Людвиг Витгенштейн - [57]

Шрифт
Интервал

«Почему мы называем нечто “числом”? Ну, видимо, потому, что оно обладает неким прямым родством со многим, что до этого уже называлось числом; и этим оно, можно сказать, обретает косвенное родство с чем-то другим, что мы тоже называем так. И мы расширяем наше понятие числа, подобно тому как при прядении нити сплетаем волокно с волокном. И прочность нити создается не тем, что какое-нибудь одно волокно проходит через нее по всей ее длине, а тем, что в ней переплетаются друг с другом много волокон. Если же кто-то захотел бы сказать: “Во всех этих конструкциях общее одно, а именно дизъюнкция всех этих совокупностей”, я ответил бы: ты тут просто обыгрываешь слово. Вполне можно было бы также сказать: нечто проходит через всю нить, а именно непрерывное наложение ее волокон друг на друга» (ФИ, § 67).

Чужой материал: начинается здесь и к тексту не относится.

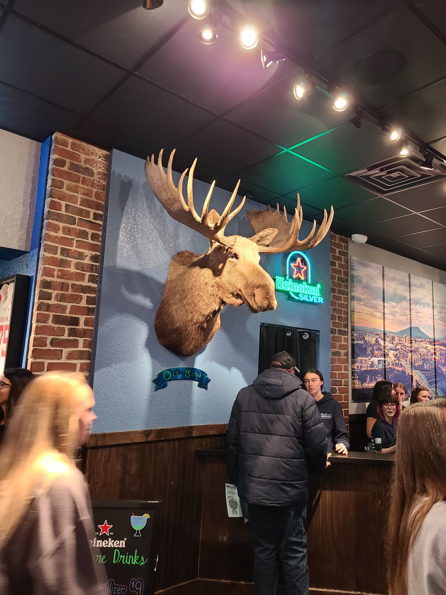 Saturday lunch not too busy. We were greeted at the door and whisked away to a table. The waitress immediately brought a basket of silverware and napkins. TVs everywhere but not turned up. Music was plenty loud. I feel like a Friday or Saturday night could be a bit overwhelming or hard to hold a conversation.

Здесь, кстати, видно, как Витгенштейн пытается убедить своего воображаемого собеседника: он вовлекает его в диалог, предлагая ему не только общие аргументы, но и множество конкретных образцов, красноречивых аналогий, ироничных ответов. В «Философских исследованиях» очень много подобных пассажей. Еще один пример аргументации, примененной Витгенштейном в «Исследованиях», – это анализ потаенного характера внутренних состояний человека. Внутренние состояния, как представляется, скрыты от посторонних и уникальны, знаю о них и чувствую их только я. Остальные могут только догадываться. Я сам могу ошибаться по поводу восприятия тех или иных аспектов внешнего мира, но в отношении мира внутреннего я всегда прав. Идея субъективной личной тайны представляется большинству из нас не только совершенно самоочевидной – она была и остается важнейшей для европейской философии, особенно на современном этапе. Благодаря тому, что есть такая личная тайна, я даже могу придумать свой собственный тайный, частный язык, который бы соотносился с моими внутренними состояниями и который никто другой бы не понял. Более того, наш обычный язык вообще представляется неким подобием такого частного языка. Ибо с учетом концепции языка, о которой шла речь выше (то есть идеи, что слово имеет смысл только тогда, когда обозначает какую-либо сущность), можно было бы утверждать, что слова имеют смысл благодаря своей связи с внутренними ментальными состояниями, эмоциями, образами, идеями и т. п. Смысл слова, таким образом, можно истолковать как нечто частное, тайное, доступное только самому говорящему; это опять же скорее естественное предположение, имеющее огромное историческое значение. Возьмите, например, Локка и его «Опыт о человеческом разумении» (1690): «В своем первичном или непосредственном значении слова обозначают только идеи, имеющиеся в уме того человека, который пользуется этими словами… и слова в качестве знаков никто не может употреблять непосредственно ни для чего, кроме как для своих собственных идей»[254]. Шалтай-Болтай из «Алисы в Зазеркалье» говорит об этом более прямо: Когда я беру слово, оно означает только то, что я хочу, не больше и не меньше»[255].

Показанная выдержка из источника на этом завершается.